'Catching a Farter', Italian oil painting by Paoletti
By Paoletti, Antonio Ermolao (Italian, 1834-1912)
£32,000
This charming genre painting is by Antonio Ermolao Paoletti, a leading painter of the daily life of Venice active in that city during the late 19th and early 20th centuries.
The painting depicts a scene at the edge of the Canale di San Marco. A young boy has caught an eel with a fishing rod, which he waves in front of a mother and her daughter—while the daughter hides her head in fear, her mother winces and tears up in fright. The canal side is littered with mundane objects, including a basket of fish, and sewing needles. The background and middle ground are defined by a hazed horizon and idly floating boats.

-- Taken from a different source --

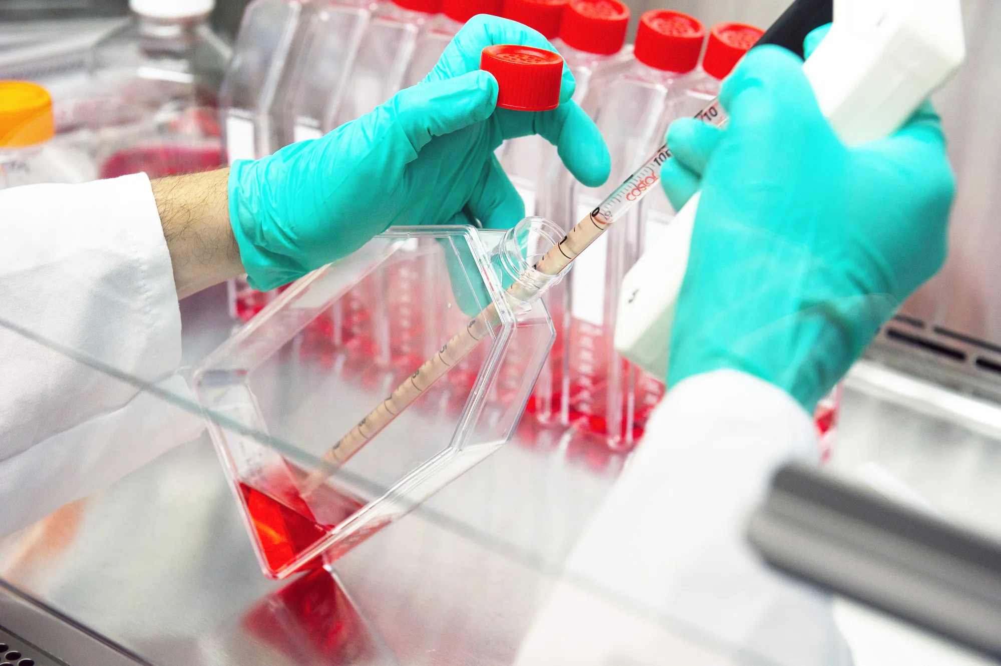 一位科學家在加州福斯特城的吉利德科學公司實驗室製備人類蛋白質。

Paoletti’s painterly style is superb: fluid, flowing brushstrokes are used in combination with precise, delicate ones, to create a visually and texturally appealing painted surface. Moreover, the subdued, sombre colour palette employed by Paoletti grants the picture a sense of atmosphere.
The painting is contained by an ornate carved giltwood frame and is signed lower right ‘Antonio Paoletti fu Giov_ni / Venezia’. The frame is titled bottom centre ‘Catching A Farter / A. Paoletti’.
Antonio Ermolao Paoletti was a leading painter of genre scenes working in Venice in the latter 19th Century. Paoletti is celebrated today for his charged genre pictures, which in content hark back to older traditions while in technique recognise more recent 19th Century painterly advances.